Financial institutions shouldn’t be any different in this regard. Credit unions and banks need to be able to help out with loan modifications or special loan products to help their communities restore some normalcy as quickly as possible. As reported by Reuters on September 6th, the Federal Reserve along with other regulators wrote a memo stating that bankers should work constructively with borrowers in communities affected by these recent natural disasters. They went on further to say that efforts to work with borrowers in communities under stress can be consistent with safe and sound banking practices.


Fortunately, we are already seeing this in action at various financial institutions across the United States.  Bank of America’s charitable foundation not only donated millions of dollars to the various hurricane relief funds but they were proactively contacting consumers and small businesses in disaster areas who are eligible for financial assistance. Another example of this can be found from NeighborWorks Capital, a financial services company who is offering tailored and targeted loan products for those affected by Hurricanes Harvey and Irma.  


Now there are probably countless other examples of financial institutions pitching in to help out and be there for their communities that they serve. But, a bigger questions looms… Just like people having to prepare for these natural disasters when they are approaching… Is your credit union or bank prepared to offer assistance in the form of specialty loan products? More so, does your origination technology allow you to change on the fly or add new products quickly and easily?


First and foremost, does your financial institution have the control to make those changes to ensure you have these specialty loan products available to the community you serve? If you have to rely on your technology vendor to facilitate new product development then, most likely, you will be unable to lend a helping hand when your surrounding community needs it the most. These are the times that are most important to your members and customers to be that trusted partner and facilitate assistance when they attempt to rebuild their livelihood. 


If you do have the control and ability to configure your origination software, can it be done immediately? Credit unions and banks should be ready to offer loans products (similar to NeighborWorks Capital) as soon as these disasters happen, or maybe even have them queued up and ready to go when they see these storms approaching. Hopefully the process to actually create loan products are easily handled by the business unit and reliance on an internal IT department is not necessary, since speed of product creation is of utmost importance during this time.
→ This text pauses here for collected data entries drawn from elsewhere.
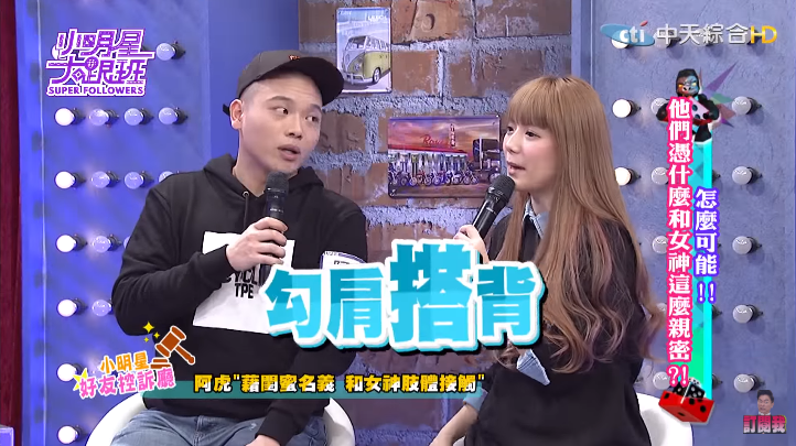 阿虎和婕翎私底下的互動相當親密,兩人常常勾肩搭背,甚至阿虎還會摟著婕翎的腰。但婕翎解釋,是因為兩人感情真的太好了,「真的很像兄弟,就是Buddy Buddy」,所以儘管阿虎跟她肢體接觸她也覺得是男生對男生。
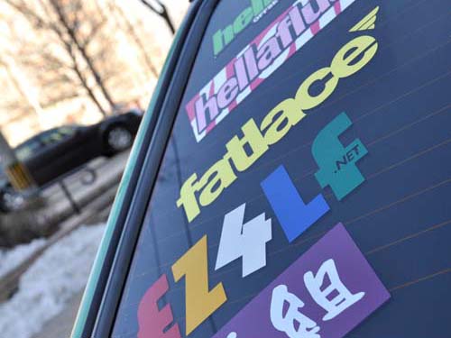 | 後擋上的這一組貼紙相信筆者不必過多解釋,它們的存在就是為了一個字—「潮」。 |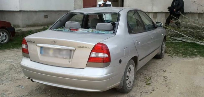 Crengile copacului au căzut peste plafonul, luneta şi portbagajul autoturismului. Autoturismul are asigurare CASCO, aşa că proprietarul nu va scoate bani din buzunar pentru reparaţia maşinii.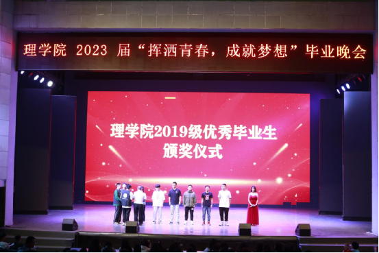 晚会由余力老师主持,余力老师介绍了到场的院领导并对参会人员表示热烈的欢迎。黄信书记致辞,希望同学们能保持理想、坚持学习、感恩母校、未来可期,并预祝此次理学院2023届“挥洒青春,成就梦想”毕业晚会取得圆满成功。晚会表演由一段暖场采访视频拉开帷幕,黄信书记、李璐老师都对2019级同学们的优异成绩做出了充分的肯定;毕业生们在采访中回忆了在西院四年的青春年华,也祝愿理学院的发展越来越好;师弟师妹们也在采访中为2019级毕业生们送上最真挚的祝福,希望他们前程似锦。随后,由江文世书记为优秀毕业生代表颁奖。毕业晚会表演正式开始,同学们青春活力的舞姿、优美动人的歌声都在向我们展示着理学院学子们的青春洋溢。晚会中途,还穿插了激动人心的抽奖环节,获得幸运奖品的同学们都送上了自己对毕业生们最真诚的祝福。最后,晚会在一首《再见》中落下帷幕,回望大学校园的青葱岁月,忘不了理学院老师的恩情和同学间的友情。

Finally, does your origination technology allow for automated and quick decisioning? In times of crisis, your members and customers will need access to loan proceeds as quickly as their financial institution can provide. When relying on insurance policies alone, many people are left stranded and look to their credit union or bank to be able to provide them with an immediate decision on the availability of funds needed to start the rebuild and restore process.


These have been some trying times lately… And the recent storms are making life tough for many people across various countries. There has been a lot of selfless people step up to give a hand wherever it has been needed. With being a citizen of the United States, it has been great to see how these communities have come together to help in their greatest time of need. Credit unions and banks should not be any different; it is imperative that financial institutions in those hardest hit areas provide specialty loan products that can help rebuild and restore livelihoods as quickly as possible. Be there for the community, be their trusted advisor, and be able to adjust on the fly to meet their needs. All of which can be made easier with the right technology.  So, prepare now by re-accessing your technology in order to help your community rebuild and restore if/when disaster strikes.